A busy fall in store for Fort Fairfield officials,
community members
FORT FAIRFIELD, Maine — Town officials and residents who led a wind power committee are gearing up for a robust debate about regulating potential wind turbines, among other things through the rest of the year.
Fort Fairfield’s Wind Power Technical Review Committee, formed last fall amid concern over possible wind power projects in the town, has released an ordinance proposal that will soon get a public vetting by wind energy critics and supporters.
“We did a good job,” said Dick Langley, a retired lawyer and chair of the committee. “I think this ordinance is a good place to start.”
After ten months of meetings and discussion, the 10 member committee has produced a 65-page technical review that serves as a guide ordinance the town council could use.
Among dozens of other considerations for approving and locating wind turbines, the model ordine would require that any turbine be at least one mile away from neighboring property lines. The ordinance also proposes standards to limit issues like noise, shadow flicker and blade reflection, which have led to disputes with landowners in Mars Hill.

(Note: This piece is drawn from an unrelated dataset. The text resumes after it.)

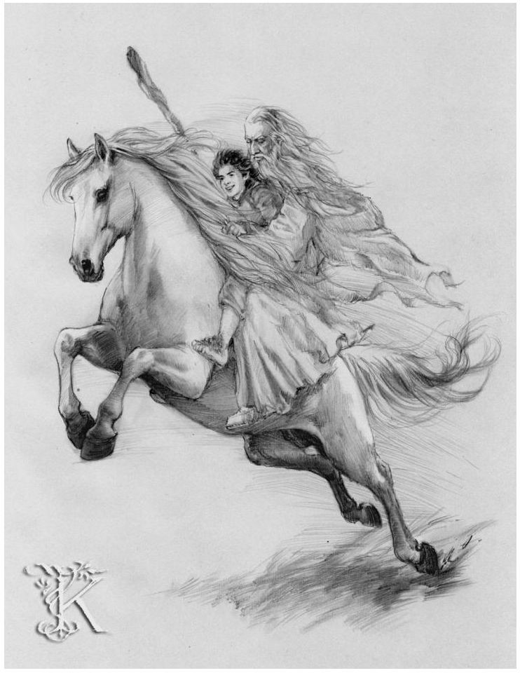 “—Esta vez cabalgarás conmigo —dijo—. Sombragrís te mostrará cuánto es capaz de hacer. —Volvió entonces al sitio en que había dormido. Sombragris ya lo esperaba allí. Colgándose del hombro el pequeño saco que era todo su equipaje, el mago saltó a la grupa de Sombragrís. Aragorn levantó a Pippin y lo depositó en brazos de Gandalf, envuelto en una manta.

Langley and members of the committee studied the wind farm in Mars Hill and toured the mountain and its 28, 400-foot-tall turbines. “I was struck by the enormity of the turbine,” Langley said. “They’re not going to get any smaller.

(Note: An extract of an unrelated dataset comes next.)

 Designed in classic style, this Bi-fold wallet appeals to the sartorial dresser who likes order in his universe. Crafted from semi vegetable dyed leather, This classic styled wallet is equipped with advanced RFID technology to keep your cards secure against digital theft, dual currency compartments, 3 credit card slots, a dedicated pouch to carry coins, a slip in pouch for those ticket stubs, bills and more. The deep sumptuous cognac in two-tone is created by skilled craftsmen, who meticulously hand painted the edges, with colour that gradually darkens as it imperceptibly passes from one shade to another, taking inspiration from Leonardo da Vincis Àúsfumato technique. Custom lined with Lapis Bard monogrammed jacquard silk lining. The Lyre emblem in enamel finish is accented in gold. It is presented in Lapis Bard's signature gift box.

In Mars Hill, the wind farm has had a mixed reception. Nearby residents said the noise of the 200-foot-long blades carried extensively, including during cold nights, and First Wind ended up offering more than a dozen homeowners a settlement.
Fort Fairfield’s wind committee was tasked with “creating standards, not setting up any places where wind turbines could or could not go,” but the ultimate ordinance could address those kinds of issues, Langley said. Built in 2007, “Mars Hill was the wild west; there was no ordinance.”

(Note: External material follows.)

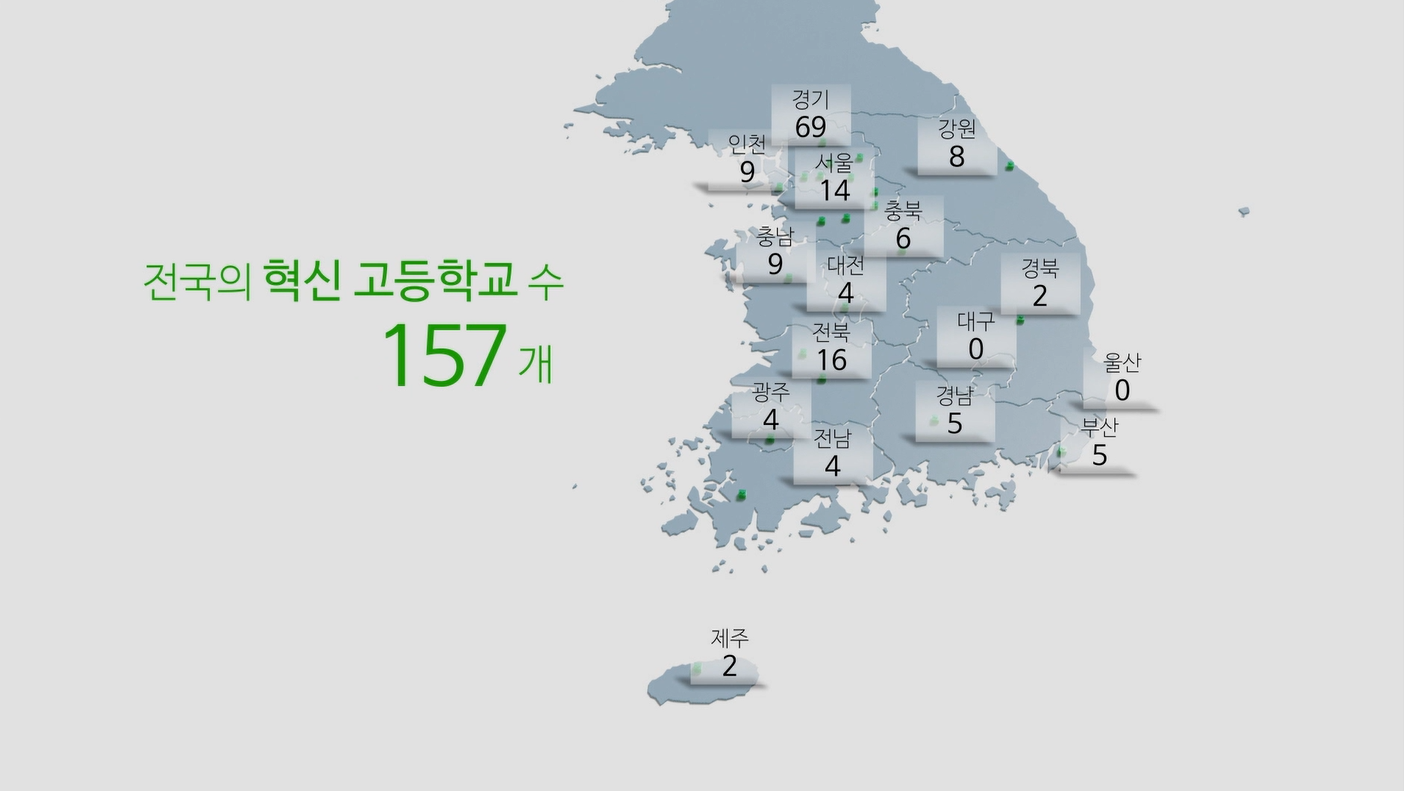 대한민국의 성적 지상주의에서 벗어나겠다는 혁신학교는 2009년에 시작돼 올해로 11년이 되었습니다. 혁신학교의 수는 2019년 기준, 전국 1,714개인데요. 대부분이 초, 중학교로 고등학교는 전체 10%도 되지 않는 157개교입니다. 게다가 최고의 교육지구로 불리는 강남구에는 혁신고등학교가 단 한 개도 없습니다.

The Fort Fairfield council has scheduled a public hearing on the ordinance, set for Tuesday, September 8th at 6pm in the high school gymnasium.
In other matters, Fort Fairfield has a lot of other things going on.
The town is launching a community survey of residential and business Internet access. With limited connectivity in and around the downtown of Fort Fairfield, economic director Tim Goff wants to better map the Internet options in rural areas to prepare for expansions by Fairpoint Communications or other providers.
Goff estimates that more than half of the town’s landmass, home to about a third of the population living across some 45 square miles, are unserved or underserved by the previous definition of high speed internet, 3 megabits per second.
The Fort Fairfield Library (where a lot of people use the Internet, day and night) is also boasting of increased readership and attendance.
Over the last year there has been a 25 percent in book circulation, a 14 percent increase in patron count and 40 percent increase in computer use, said librarian Jennifer Gaenzle.
The library’s digital archives of newspapers, going back to 1995, has “continued to receive praise from around the country,” she added. People use the archive from places like Arkansas.
The Fort Fairfield Police Department is also welcoming a new full-time officer, Cody Fenderson. Fednerson has been working in Fort Fairfield part time since 2013, and previously served in Calais and Baileyville and with the Maine State Police communications division, taking calls on domestic issues, medical emergencies and complaints. Now that he’ll be on the road “he knows who to call,” said Chief William Campbell.